As if we needed another reason to get out and grill, the month of May was declared National Barbecue Month, giving you the official excuse to start the coals long before the traditional kick-off on Memorial Day weekend.
If you (like us) can’t wait to enjoy the first flame-cooked meal, just take a quick moment to read up on these safety tips before you light the fire:
1. Place it right: Only use your BBQ outdoors – whether it’s gas or charcoal. Place it away from the home, and away from eaves, railings, overhanging branches, umbrellas or awnings. Did you know that over half of all home grill structure fires begin on a outdoor courtyard, patio or deck? Also be careful to station your grill away from walkways, or areas where children are playing.
2. Scrub it clean: Get your barbecue ready for the season by giving it a good cleaning. Remove grease buildup from grills and the trays below. A clean grill is a safer grill!

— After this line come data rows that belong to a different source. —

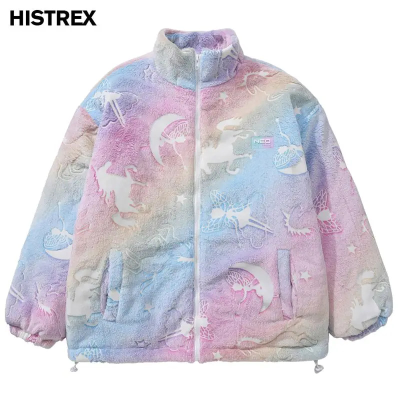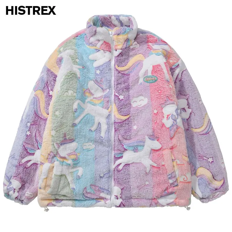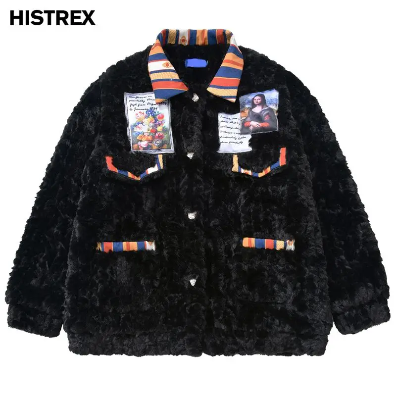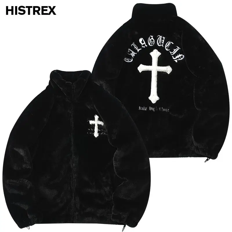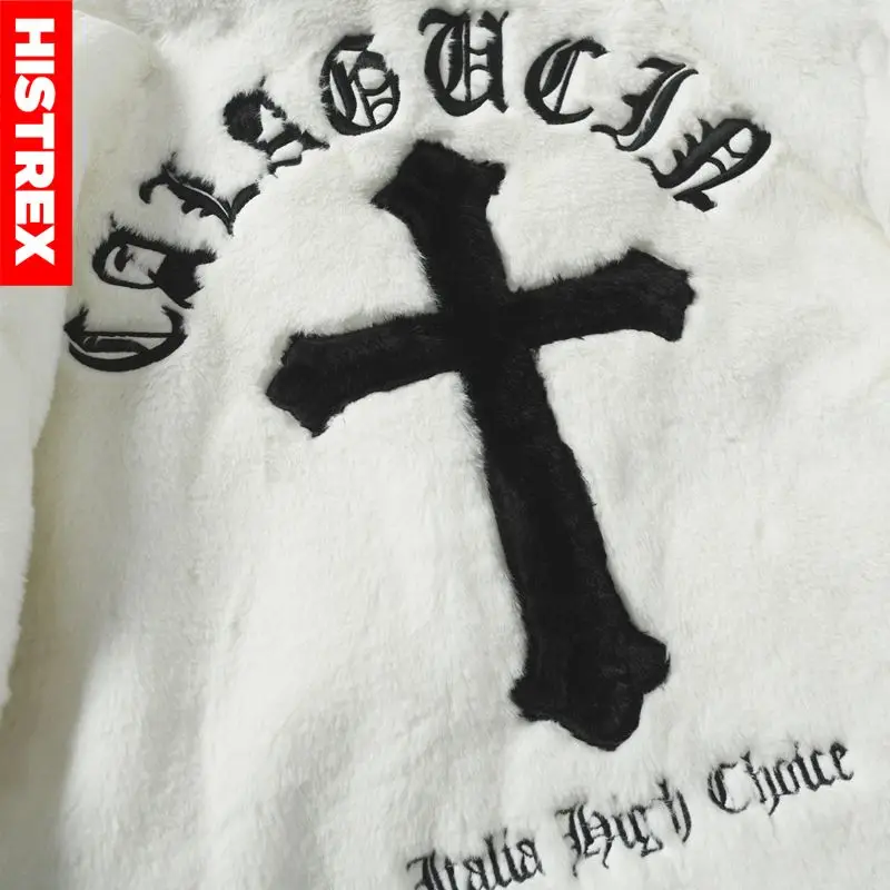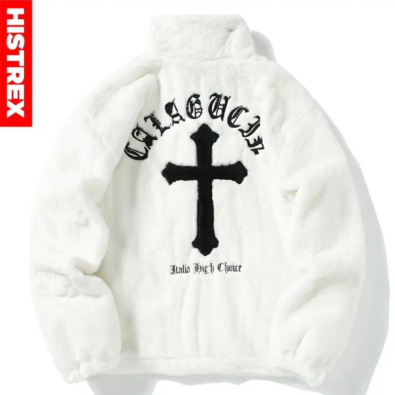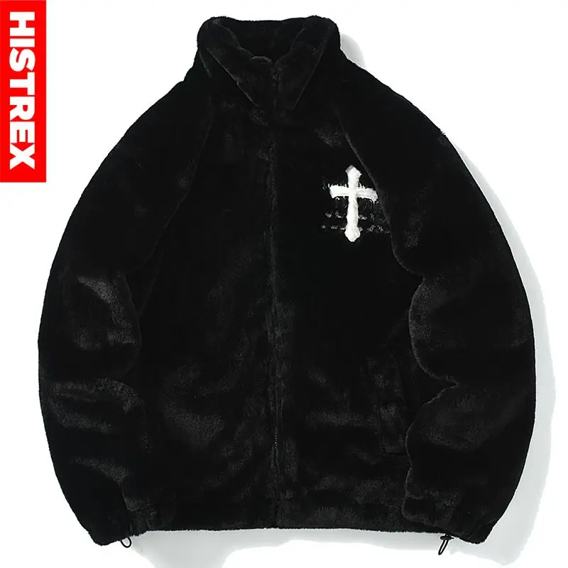 HISTREX -Parkas veste en fourrure de lapin pour hommes, manteau moelleux Hip Hop, pardessus en polaire d'hiver, Streetwear Harajuku, vêtements coréens Y2k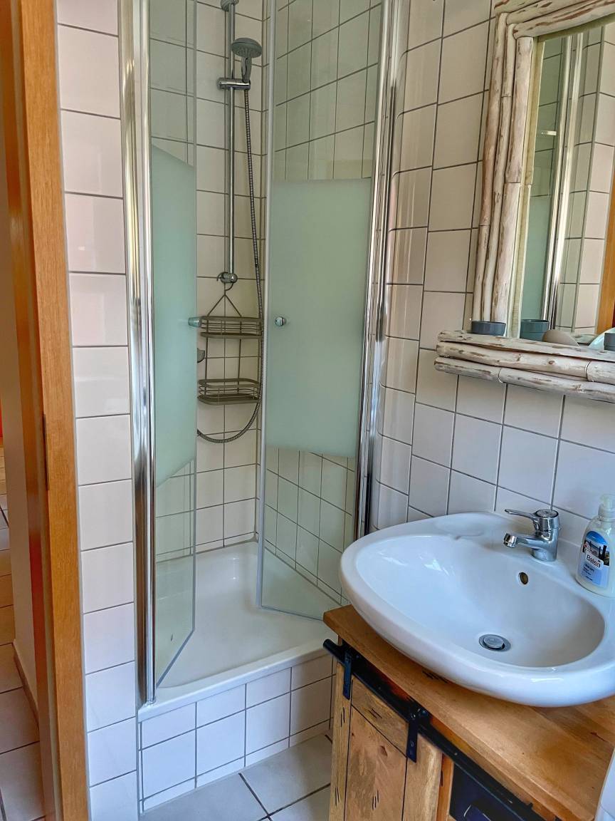 Das Badezimmer ist mit einer Dusche ausgestattet und die Küche wurde neu modernisiert und verfügt über alle notwendigen Geräte, sowie einen extra Gefrierschrank. Auf der Terrasse mit Gartenanteil können Sie die sonnigen Tage genießen.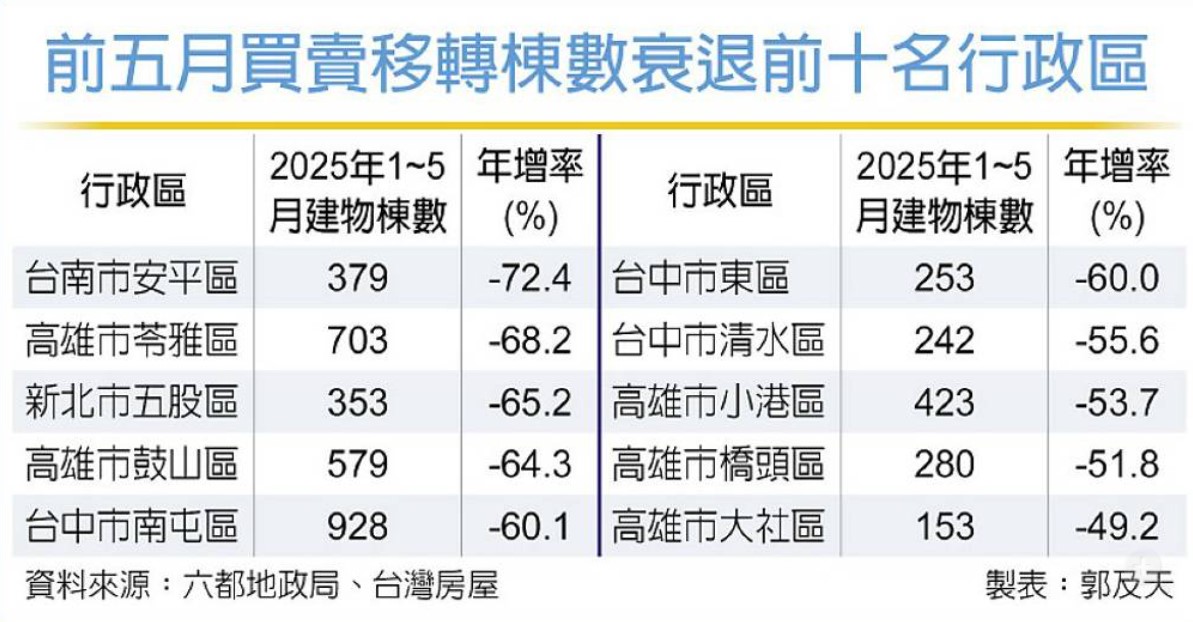 統計顯示,六都前五月買賣移轉合計8.21萬棟、年減27.1%,創近八年同期新低,其中包括高雄苓雅、鼓山、橋頭,台南的安定、安平,台中南屯、東區、清水,新北的五股等9個行政區地,交易量較去年同期腰斬。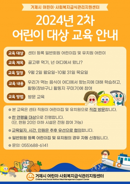 [아시아월드뉴스] 거제시 어린이·사회복지급식관리지원센터는 9월 2일부터 10월 31일까지 지역 내 어린이급식소 155개소 어린이를 대상으로 영양교육을 실시한다.

3. Light it carefully: Only use charcoal lighter fluid to start a fire. NEVER add lighter fluid to burning flames or hot charcoal: Not only can flames travel up the fluid stream, but also, lighter fluid turns into gas at relatively low temperatures. While it’s fluid, it lights. When it’s gas, it explodes. Invest in a chimney-type charcoal lighter, which uses newspaper as a lighting fuel.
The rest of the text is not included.